Leave out the pictures, and retype the remaining data exactly.

[[ Given data, beginning ]]

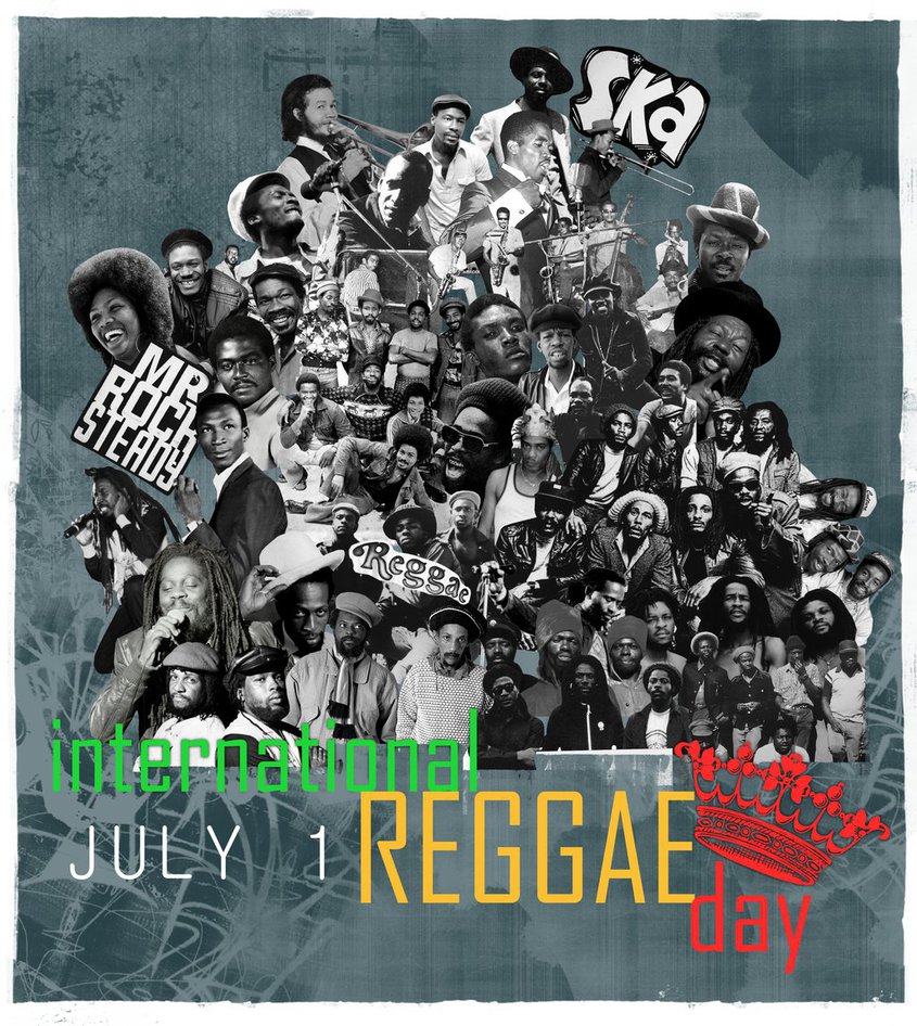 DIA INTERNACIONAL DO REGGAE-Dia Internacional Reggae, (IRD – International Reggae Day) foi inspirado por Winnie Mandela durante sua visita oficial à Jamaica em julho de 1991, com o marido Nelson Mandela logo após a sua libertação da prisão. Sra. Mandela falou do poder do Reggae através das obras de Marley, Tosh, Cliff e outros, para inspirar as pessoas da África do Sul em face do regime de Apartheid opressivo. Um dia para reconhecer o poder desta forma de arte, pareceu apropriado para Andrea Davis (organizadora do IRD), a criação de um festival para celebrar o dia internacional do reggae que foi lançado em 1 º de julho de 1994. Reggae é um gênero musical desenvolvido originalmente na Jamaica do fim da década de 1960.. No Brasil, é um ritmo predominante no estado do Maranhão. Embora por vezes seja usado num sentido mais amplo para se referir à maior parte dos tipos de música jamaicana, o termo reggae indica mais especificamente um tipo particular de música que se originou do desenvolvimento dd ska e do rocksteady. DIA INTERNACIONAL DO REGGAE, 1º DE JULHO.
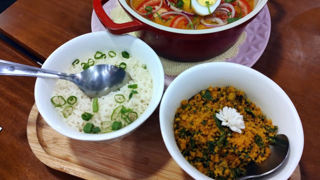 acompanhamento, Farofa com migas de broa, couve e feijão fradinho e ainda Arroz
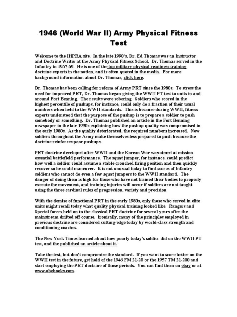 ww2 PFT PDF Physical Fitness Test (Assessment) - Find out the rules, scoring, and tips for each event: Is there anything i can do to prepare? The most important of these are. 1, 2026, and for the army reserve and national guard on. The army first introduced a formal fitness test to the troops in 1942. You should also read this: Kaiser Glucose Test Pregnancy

[[ Given data, end ]]

**Your response**
 DIA INTERNACIONAL DO REGGAE-Dia Internacional Reggae, (IRD – International Reggae Day) foi inspirado por Winnie Mandela durante sua visita oficial à Jamaica em julho de 1991, com o marido Nelson Mandela logo após a sua libertação da prisão. Sra. Mandela falou do poder do Reggae através das obras de Marley, Tosh, Cliff e outros, para inspirar as pessoas da África do Sul em face do regime de Apartheid opressivo. Um dia para reconhecer o poder desta forma de arte, pareceu apropriado para Andrea Davis (organizadora do IRD), a criação de um festival para celebrar o dia internacional do reggae que foi lançado em 1 º de julho de 1994. Reggae é um gênero musical desenvolvido originalmente na Jamaica do fim da década de 1960.. No Brasil, é um ritmo predominante no estado do Maranhão. Embora por vezes seja usado num sentido mais amplo para se referir à maior parte dos tipos de música jamaicana, o termo reggae indica mais especificamente um tipo particular de música que se originou do desenvolvimento dd ska e do rocksteady. DIA INTERNACIONAL DO REGGAE, 1º DE JULHO.
 acompanhamento, Farofa com migas de broa, couve e feijão fradinho e ainda Arroz
 ww2 PFT PDF Physical Fitness Test (Assessment) - Find out the rules, scoring, and tips for each event: Is there anything i can do to prepare? The most important of these are. 1, 2026, and for the army reserve and national guard on. The army first introduced a formal fitness test to the troops in 1942. You should also read this: Kaiser Glucose Test Pregnancy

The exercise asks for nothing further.